I want us to move to Thailand but where will my daughter go to school if we do? My wife says the only option is $15,000 USD per year International School. 
Any input on this subject would be greatly appreciated.


----------



## xabiaxica (Jun 23, 2009)

Old_Monkey said:


> I JUST joined this group seconds ago, so please forgive any mistakes.
> I am from the USA and my wife is from Thailand. We have a condo on Rama II Bangkok.
> We have an 11 year old daughter who is very fluent in both our languages, but she can only read English and 0% Thai.
> I want us to move to Thailand but where will my daughter go to school if we do? My wife says the only option is $15,000 USD per year International School.
> Any input on this subject would be greatly appreciated.


:welcome:

I've moved your question to the Thailand forum where the locals can probably point you in the right direction.


----------



## Old_Monkey (Nov 13, 2018)

Yes, sorry, thank you. I found that after I posted my message. I tried to move it myself, but didn’t see a way to do that. 
Thank you.


----------



## IntEdSource (Nov 25, 2018)

Old_Monkey said:


> I JUST joined this group seconds ago, so please forgive any mistakes.
> I am from the USA and my wife is from Thailand. We have a condo on Rama II Bangkok.
> We have an 11 year old daughter who is very fluent in both our languages, but she can only read English and 0% Thai.
> I want us to move to Thailand but where will my daughter go to school if we do? My wife says the only option is $15,000 USD per year International School.
> Any input on this subject would be greatly appreciated.
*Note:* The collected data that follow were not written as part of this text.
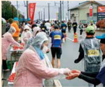
曾野木地区コミュニティ協議会による越後姫でのおもてなし

完走タイムを表示した撮影スポットでは、達成感に満ちた笑顔を見せる多くの人々の姿が見られました。
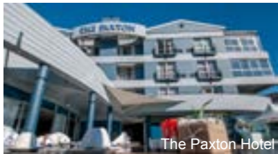
The Paxton Hotel

Die Kuzuko Lodge liegt auf einem Hügel mit Blick auf die Kaboega-Ebene und die Winterberge. Die 24 Chalets bieten den Gästen einen atemberaubenden Blick auf ein großes Reservat, ein Wasserloch und die Ebenen der afrikanischen Klein Karoo. Ausstattung Zimmer: Bad/Dusche und WC sowie Fön, WLAN, Adapter, Safe, TV und einer Klimaanlage.
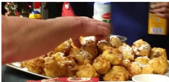
Pepermunt en Jaap bollen
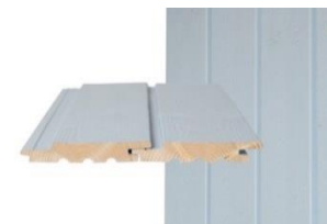
HS UTS p Pystypanelointi
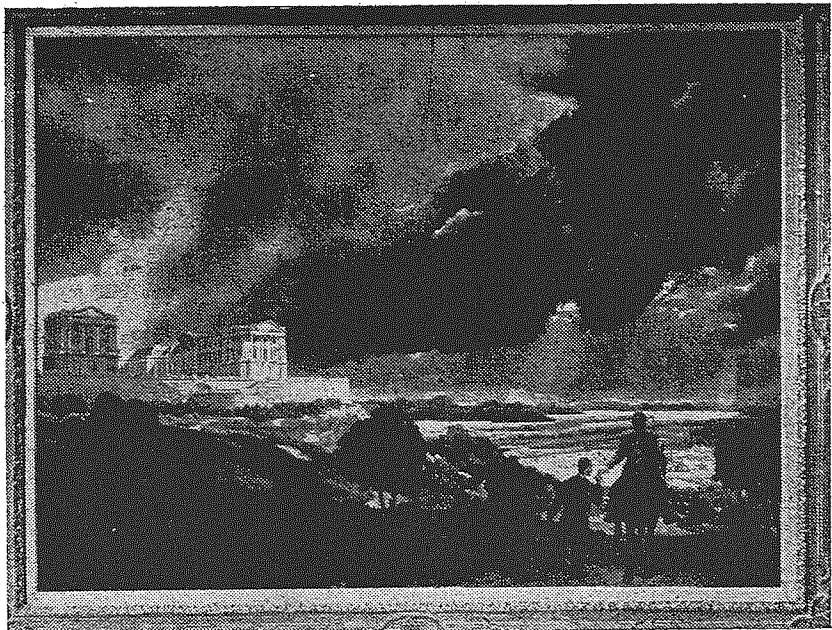
De Tijding 1943

"Een literair motief kan schilderij kunstig verwerkt worden. Rembrandt's schilderijen zijn dikwijls gebaseerd op bijbelgeschiedenissen, doch picturaal gezien. Het is dikwijls een kwestie van
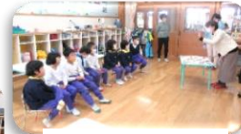
食育問題に答えて、嬉しそう😊
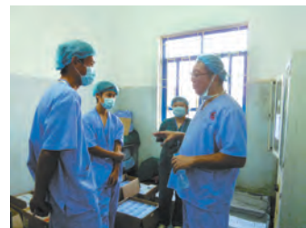
ベトナムの病院での医療ボランティア研修
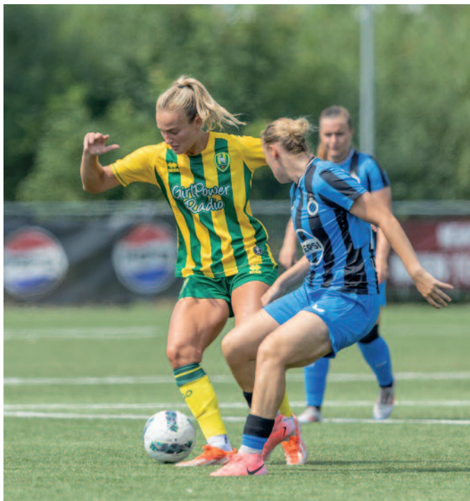
Spelmoment uit Club Brugge-ADO Den Haag Vrouwen.

29 juni 2024: NAC Breda-ADO Den Haag (oefenduel) 6 juli 2024: ADO Den Haag-FC Volendam (oefenduel) 10 augustus 2024: ADO Den Haag-Sparta (oefenduel) 17 augustus 2024: ADO Den Haag-Alphense Boys (oefenduel)
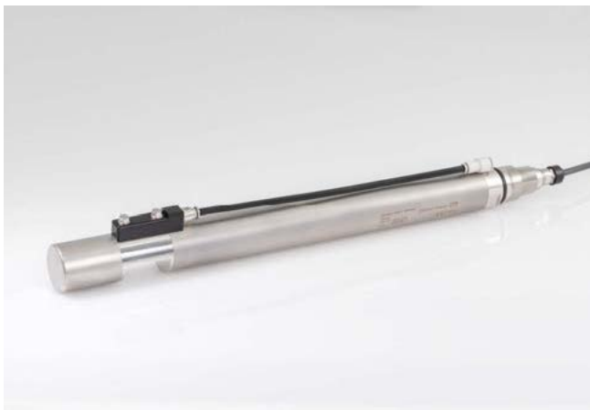
Digital nitrate or SAC sensor Viomax CAS51D

Der Industriemesstechniker fasst zusammen: "Es hat die Routine erleichtert. Heute wird die Kalibrierung im Durchschnitt alle zwei Jahre und ohne Verbrauchsmaterial durchgeführt, während das alte Gerät (Verbrennungsmessung) eine ständige Wartung mit Reinigung des Schlauchsystems und der peristaltischen Pumpen mit 15%iger Salpetersäurelösung erforderte. Wir sind jetzt in der Lage, diesen schwierigen Prozess zu vermeiden."
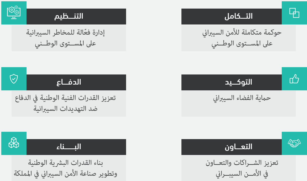
الشكل (6): الأهداف الاستراتيجية

من أجل الوصول إلى فضاء سيبراني سعودي آمن وموثوق، يمكّن النمو والازدهار؛ تسعى الاستراتيجية الوطنية للأمن السيبراني إلى تحقيق ستة أهداف رئيسية، ويوضح الشكل رقم (6) الأهداف الاستراتيجية:
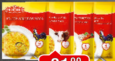
SUPA PODRAVKA 52G VIŠE VRSTA
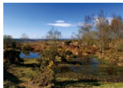
Anglie - New Forest
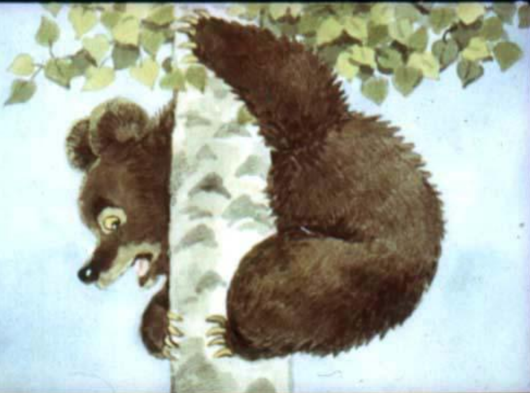
Медведь на берёзу залез—сверху-то ему получше видно. [29]
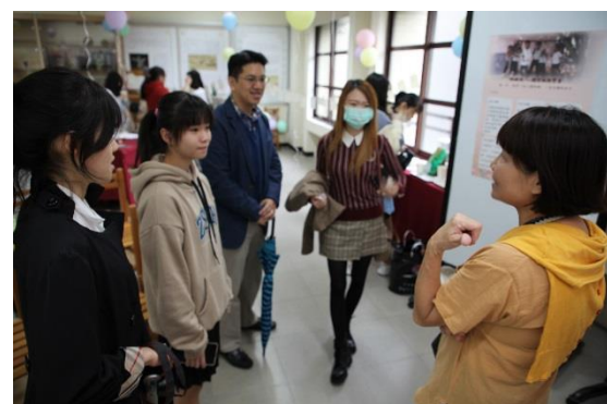
1205 123 校慶學科展
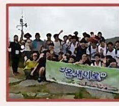
Болотные угодия Рамсарской конвенции

Unfortunately, she is partially correct. There are very few English-language options, particularly in the Rama II area, and quality is a major issue in most cases. The very best schools that would be good for a student coming from the USA, NIST and ISB, are both well _above_ $15,000 per year and far from where your condo is located.

There is a new American international school opening up in August 2019 right on Rama II: BASIS International School, a branch of the charter schools. However, I don't know what their fee structure will be, and if other new schools are any indication, they'll also be charging at least the amount you cited if not more.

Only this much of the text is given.